I presume you’ve all read about this marvelous work on correcting a rare and terrible genetic disease, epidermolysis bullosa. It’s a mutation that causes the skin to blister up and tear, basically; it’s a horrible disease that makes life miserable and a constant source of pain and infection.
Patients with epidermolysis bullosa live in excruciating pain, their skin so fragile to the touch that those born with the disorder have been nicknamed “butterfly children.” The disorder produces chronic and untreatable wounds that get infected easily and can eventually become cancerous. About 500,000 people worldwide have epidermolysis bullosa.
Now it has been successfully treated by combining a technique for generating skin grafts from stem cells that was first developed for burn patients, with gene therapy, going in and repairing the defective gene, and then growing the new graft from the patient’s own gene-corrected cells. It seems to be a total success.
In August, De Luca and Pelligrini got the green light to try their technique. In September, they collected a square inch of skin from Hassan’s groin—one of the few parts of his body with intact skin. They isolated stem cells, genetically modified them, and created their gene-corrected skin grafts. In October and November, they transplanted these onto Hassan, replacing around 80 percent of his old skin.

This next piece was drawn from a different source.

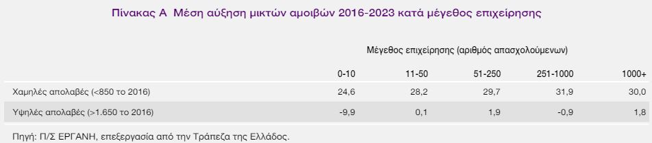 Στις επιχειρήσεις μεγαλύτερου μεγέθους παρατηρείται ότι για τις θέσεις εργασίας με υψηλές απολαβές οι αυξήσεις είναι πολύ μικρές. Συγκεκριμένα, μία θέση εργασίας που αμειβόταν με 1.750 ευρώ το 2016 σε μία εταιρία με πάνω από 1.000 εργαζόμενους, στον ίδιο κλάδο, για το ίδιο επάγγελμα, με τον ίδιο τύπο σύμβασης, με έναν εργαζόμενο στην ίδια ηλικιακή ομάδα, με το ίδιο φύλο, πλήρους απασχόλησης το 2023 αμειβόταν ονομαστικά με 1.781,50 ευρώ κατά μέσο όρο. Σε πραγματικούς όρους, το 2023, λόγω του πληθωρισμού, η αμοιβή ήταν περίπου 1.495 ευρώ (μείωση κατά 16%).
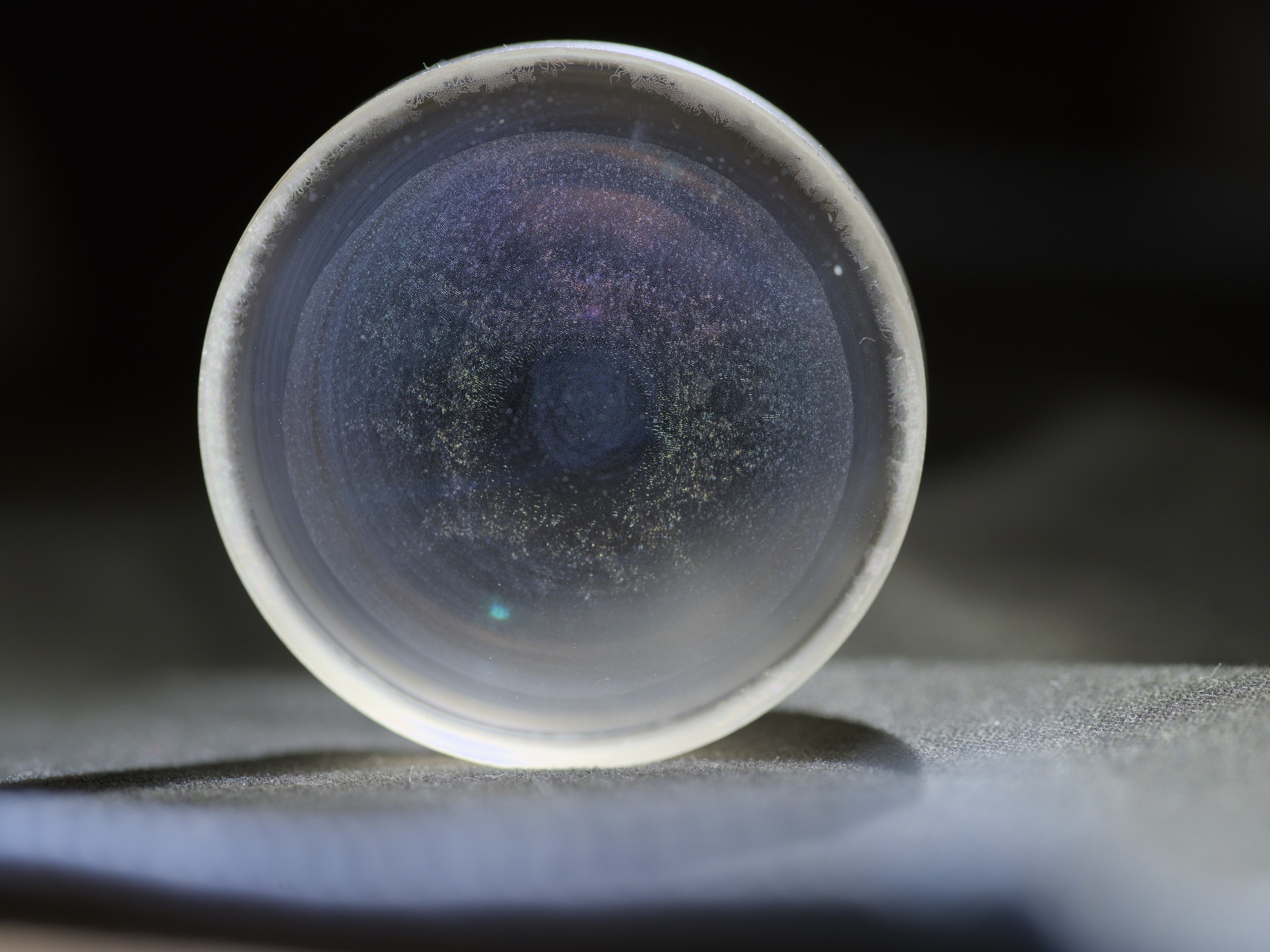 Epoxidkleber zu trennen ist nicht ganz einfach. In der Literatur findet man etwa heißes Dimethylsufloxid(DMSO) [1] oder eine Kombination aus DMSO und N-Methyl-Pyrrolidon (NMP) [2] als effektive Lösungsmittel. Ein Hausmittel ist eine Mischung aus Aceton und Iso-Propanol. Ich habe es mit dem Hausmittel probiert. Nach einer Woche sah die Linse so aus:

It worked. In February 2016, Hassan was discharged from the hospital. In March, he was back in school. He needs no ointments. His skin is strong. It doesn’t even itch. “He hasn’t developed a single blister,” says de Luca, who shared the details of Hassan’s story with me. “He’s gaining weight. He’s playing sports. He’s got a normal social life.”
Solely from a humanitarian aspect, this is a triumph. But there’s another side to it as well, that addresses the kind of complaint we might get from bean-counters. This is a relatively rare disease. It would be far cheaper to just let its victims simply suffer and die out. The articles don’t talk about it, but I’m sure the cost of culturing and growing and applying gene therapy to new skin for this one victim was extravagant to an extreme. But that isn’t the point — in addition to being a clinical treatment for one person, this represents basic scientific research on a core problem, how to generate reliable quantities of genetically modified tissue.
It is the same rational we use for all basic research into rare diseases — not only is it the right and humane thing to do, but figuring out how to deal with it adds a new tool to our toolbox and gives us deeper understanding of fundamental cellular processes.